Brain-Dead Employees
The AI is incredibly rough. You hire drifters based on a star rating system and assign them roles. The execution, however, is deeply flawed. Cleaners are supposed to keep the shop tidy, which is vital because customers lose their minds if they see a dead body. Yet, half the time, my highly paid janitor just stands in the corner staring at a wall while the shop floor looks like a slaughterhouse.
Guards are arguably worse. A three-star security guard will heroically charge point-blank into an exploding zombie, dying instantly and taking your financial investment with them. You end up having to babysit the people you hired to lighten your workload. You can also send scavengers out to find loot. It takes hours, and they usually bring back garbage. You will be sitting there desperate for scrap metal to build a recycler, and your team returns with a dozen unlabelled cans. It is a grind, but it forces you to keep pushing outward.
The Combat Problem
Every few days, a horde wave attacks your business. The combat is incredibly clunky. Ranged weapons have ridiculous bullet drop. You aim for a zombie a few yards away and the bullet hits the dirt. You are honestly better off grabbing a melee weapon and kiting them in circles. Boss zombies are massive bullet sponges, but the enemy pathing is so easily manipulated that you can just stand on top of an abandoned car and swing away in complete safety.
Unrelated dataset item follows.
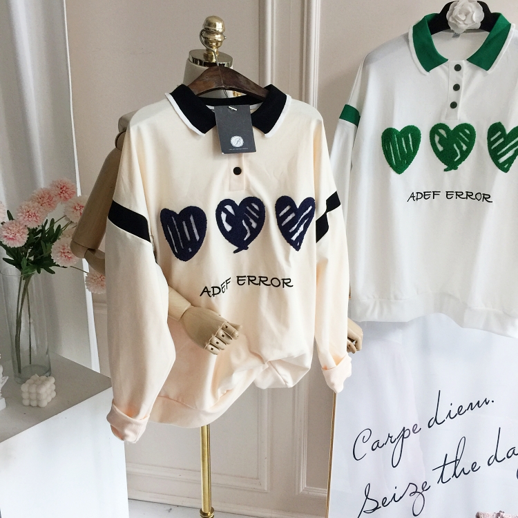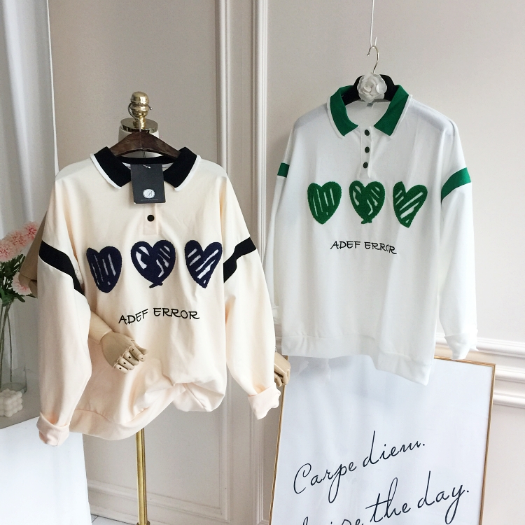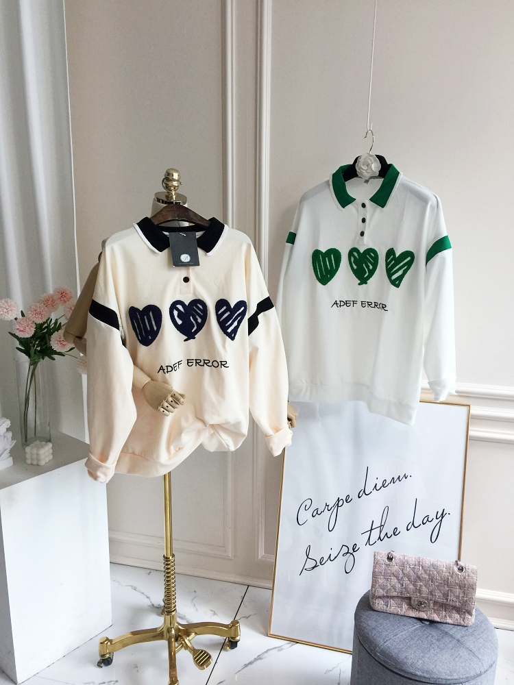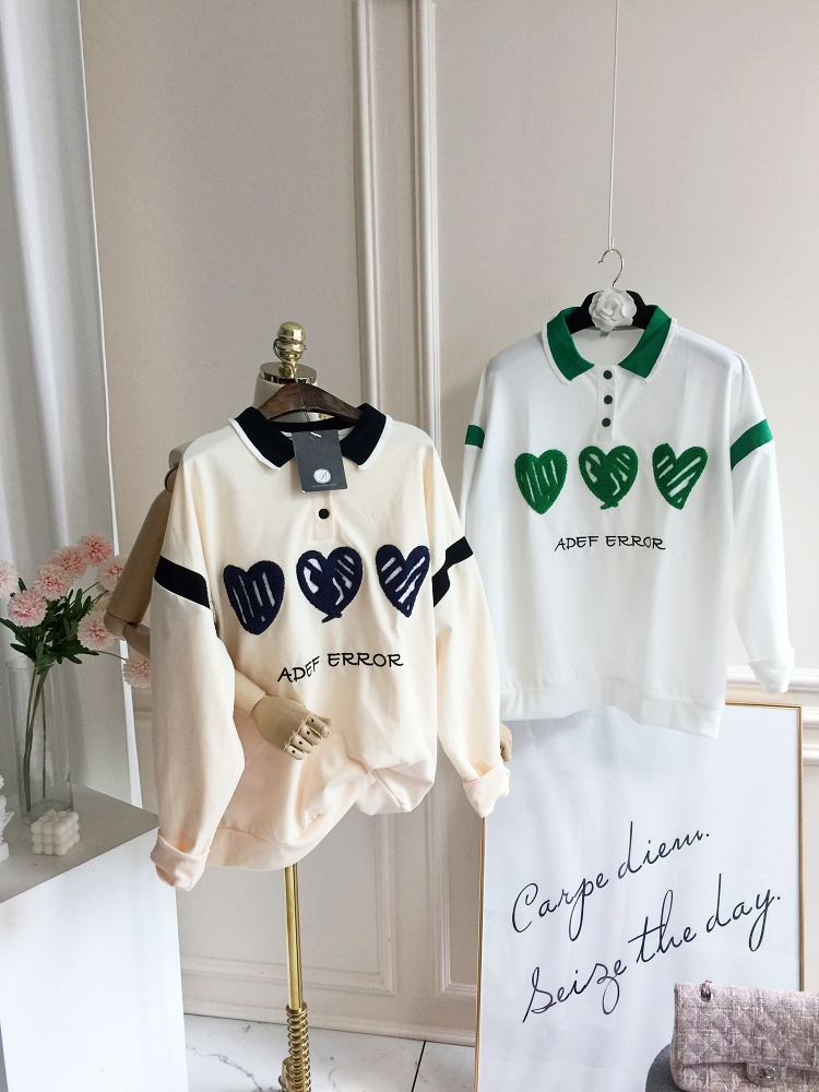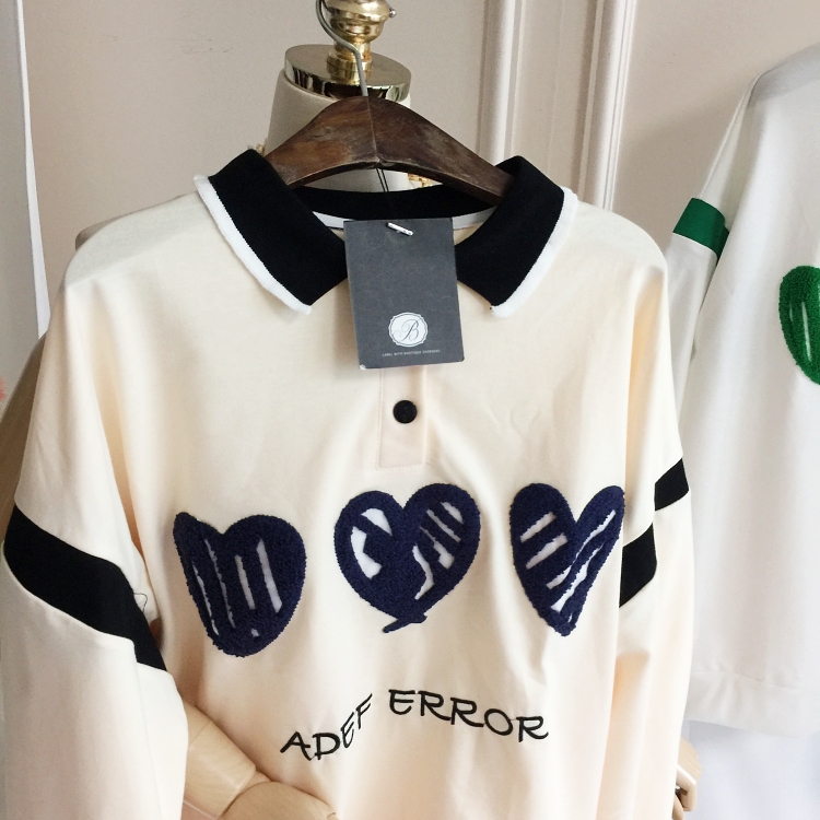 국내상품 / 쓰리하트 박시 카라 티셔츠
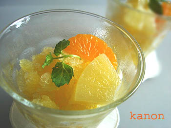 2006.7.28 たかこさんのミモザのグラニテ(もどき) 本日、2個目の日記です~。今日は冷たいおやつ昨日作っておいた、たかこさんのミモザのグラニテもどき(笑)100%オレンジジュースと、スパークリングワインとお砂糖を混ぜ合わせて作る氷菓子。オレンジと一緒に盛り付けます。なんでもどきかって言うと、スパークリングワインをこのおやつの為に買うのがもったいなくて(節約だしね)、サイダーで作ったから。で、オレンジキュラソーがあったからちょっと混ぜてみました。更に節約で、オレンジを買わずに、缶詰のパイミン(笑)味はオレンジ、食感は、かき氷とチューチュー(←地方によって、呼び名違うかも?)の中間な感じ。シャリシャリで、スプーンに1口食べただけで、頭がキーンと痛くなるくらい冷た~い!グラス一杯食べたら寒くなっちゃって、エアコンを一時オフにしたくらい冷たいです。レシピの2倍量作ったので、しばらくこれで毎日爽快!?です↓レシピは、この本からたかこさん&みかさんの毎日作りたくなるお菓子とパンのレシピサントリーのケーキマジック オレンジキュラソー 《 製菓用 》 100ml 40度

Customer Service and War Crimes
The absolute best part of The Walking Trade is the sheer, unhinged freedom it gives you to be a terrible person.
The Refund Policy
This is where the game truly shines. A heavily armed survivor walks into my store. He buys an AK-47. He hands over a massive stack of batteries, which serves as the local currency. He turns to leave. I immediately pull out a lead pipe, beat him to death in the doorway, take the batteries, loot the AK-47 off his corpse, and put the gun right back on the display shelf. It is a flawless business model. The game lets you be a benevolent community pillar or an absolute psychopath.
Managing Reputation
Actions have consequences in this world. If other customers see you committing murder, or if they simply see a dead zombie bleeding out next to the cash register, your shop reputation plummets. A bad reputation means no foot traffic. No foot traffic means bankruptcy. You are constantly juggling the desire to steal high-tier loot with the need to maintain a pristine, welcoming shopping environment. Hauling corpses to the dumpster out back becomes just another part of the retail grind.
Fighting the Engine
I expect a certain level of technical issues from solo-developed indie projects, but you need to know exactly what you are signing up for here.
The Void Boxes
Inventory management is currently the true final boss. You use cardboard boxes to carry multiple items around. This sounds great until the physics engine decides to have a meltdown. If you put more than eight items in a box, go to sleep to save the game, and wake up the next morning, half of your items will simply vanish into the ether. Items clip through the floor. Rare loot drops get stuck in the ceiling. It makes hoarding resources terrifying for all the wrong reasons.
The Save System
The game only saves when your character goes to sleep at the end of the day. If the game crashes, you lose an entire day of grueling, meticulous work. Re-doing an entire shift of stocking shelves, organizing boxes, and fighting zombies because the engine gave out is a uniquely painful experience.
The Verdict
The Walking Trade has the skeleton of an incredible game. The mix of low poly aesthetics, base building, and retail management hits a very specific itch that few games even attempt to scratch. When everything clicks, it is a blast. But right now, you are fighting the physics engine just as often as the undead. If you have a high tolerance for bugs and love the simulator genre, it is absolutely worth the asking price. Just remember to keep a baseball bat handy for the shoplifters.
Score: 7.0/10 - A brilliant concept held together by duct tape, broken AI, and flying cardboard boxes.
We at NLM received a key for this game for free, this however didn't impact our review in any way.